DATA SUPPLIED:
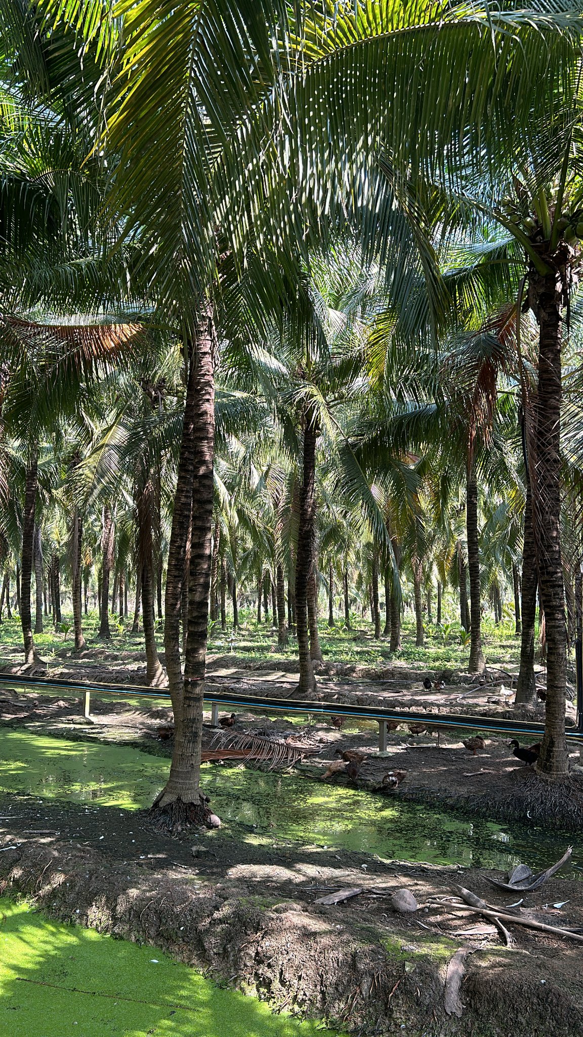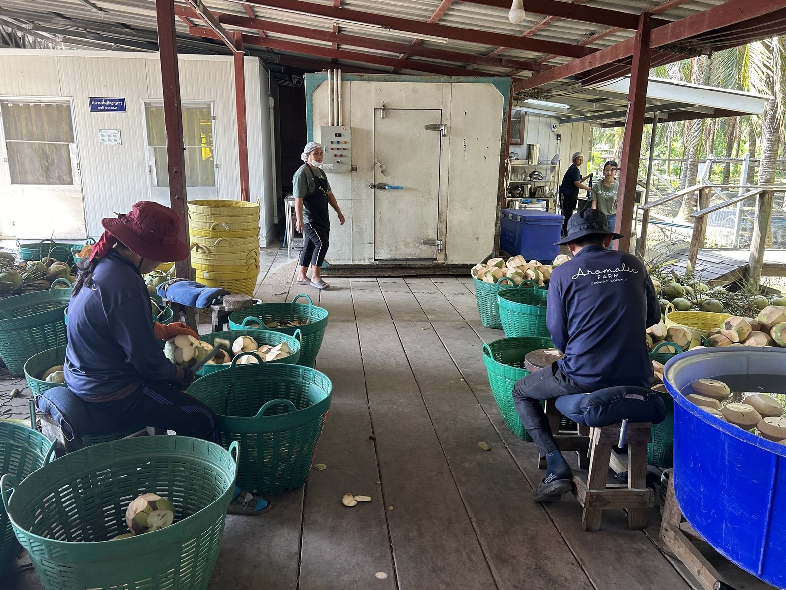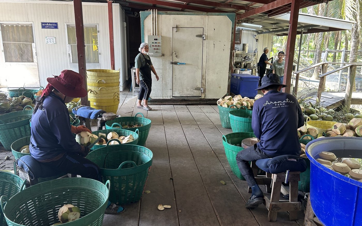 Etwa 100 Kilometer entfernt von Bangkok besuchen wir eine Kokosnussfarm. Durch die dichten Palmenblätter scheint die starke Mittagssonne. Vor der Besichtigungstour offeriert uns das Team Kokosnussmilch direkt aus einer frischen Frucht. Die Palmen stehen kilometerweit aneinandergereiht nebeneinander, zwischen jeder Reihe zieht sich ein Wassergraben durch das Gebiet.
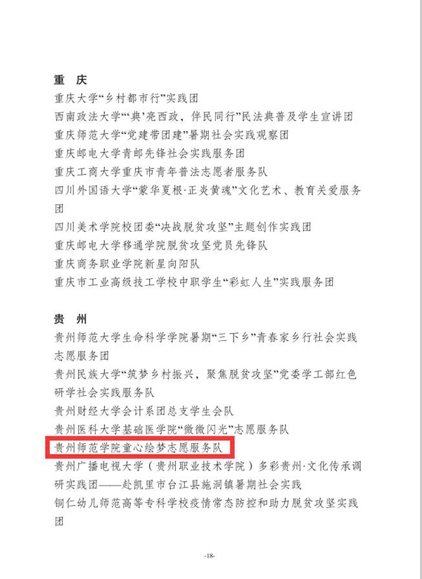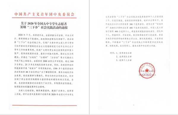 本网讯 近日,团中央青年发展部对在2020年全国大中专学生暑期“三下乡”活动中表现突出的优秀单位、团队与个人进行了总结表彰。bat365官网童心绘梦志愿服务队荣获2020年全国大中专学生志愿者暑期“三下乡”社会实践活动优秀团队。
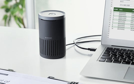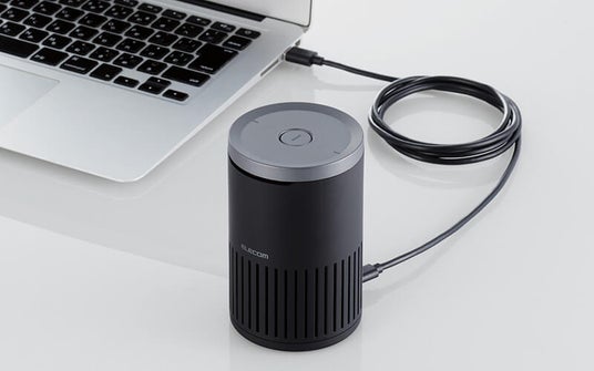 - 350ml缶ほどのサイズで円筒形デザインのため、デスクでも省スペースで設置可能です。
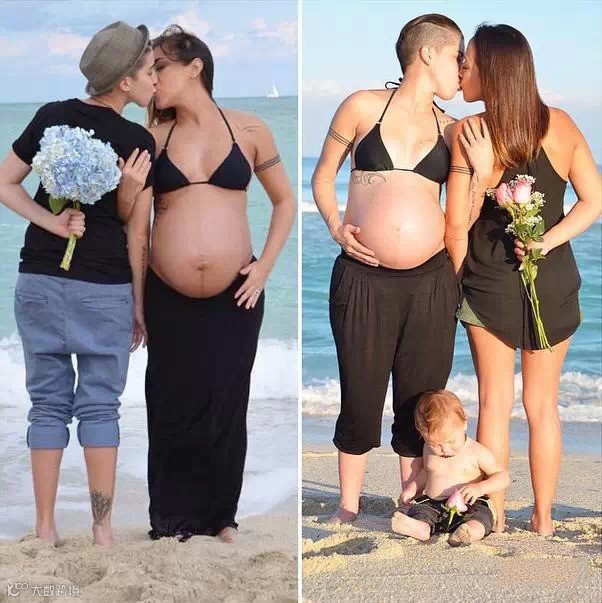 一对女同性恋先后怀孕,他们的幸福家庭照被刷爆了
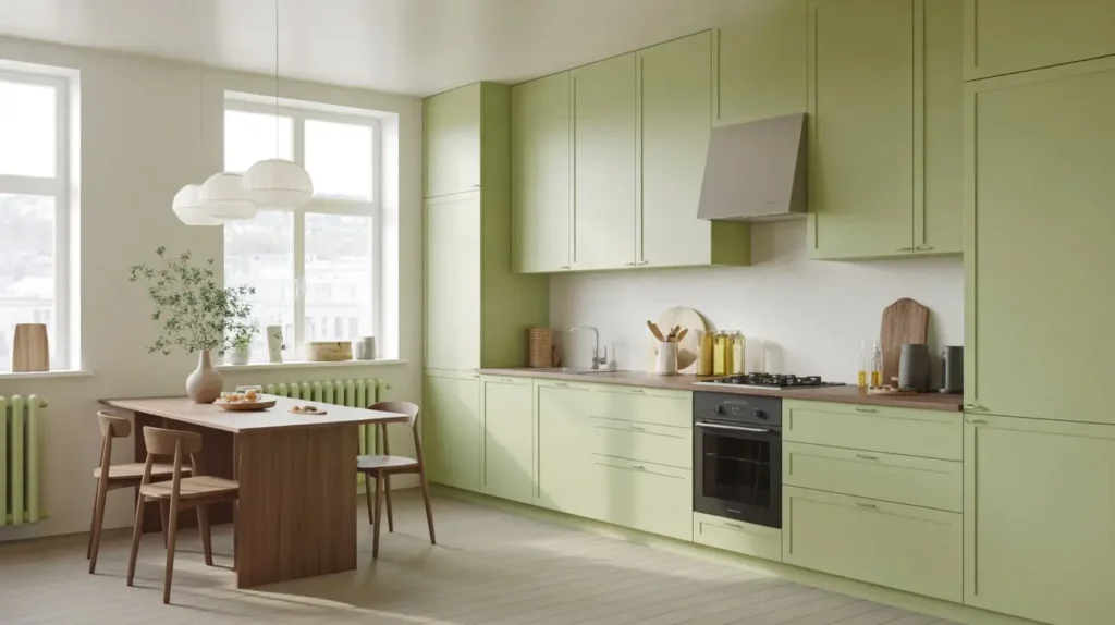 14. Minimalist Green and Brown Scandinavian Kitchen
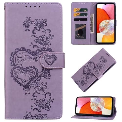 BOLELAW Case for Google Pixel 9A [Magnetic Closure][Card Slot][Stand Function] Embossed Heart Peach Leather Wallet Flip Case for Pixel 9A, Purple

PROBLEM DESCRIPTION: Please transcribe exactly the lines from the one that contains "- 350ml缶ほどのサイズ" through the closing line of the entries, with no pictures.

FINISHED TASK:
 - 350ml缶ほどのサイズで円筒形デザインのため、デスクでも省スペースで設置可能です。
 一对女同性恋先后怀孕,他们的幸福家庭照被刷爆了
 14. Minimalist Green and Brown Scandinavian Kitchen
 BOLELAW Case for Google Pixel 9A [Magnetic Closure][Card Slot][Stand Function] Embossed Heart Peach Leather Wallet Flip Case for Pixel 9A, Purple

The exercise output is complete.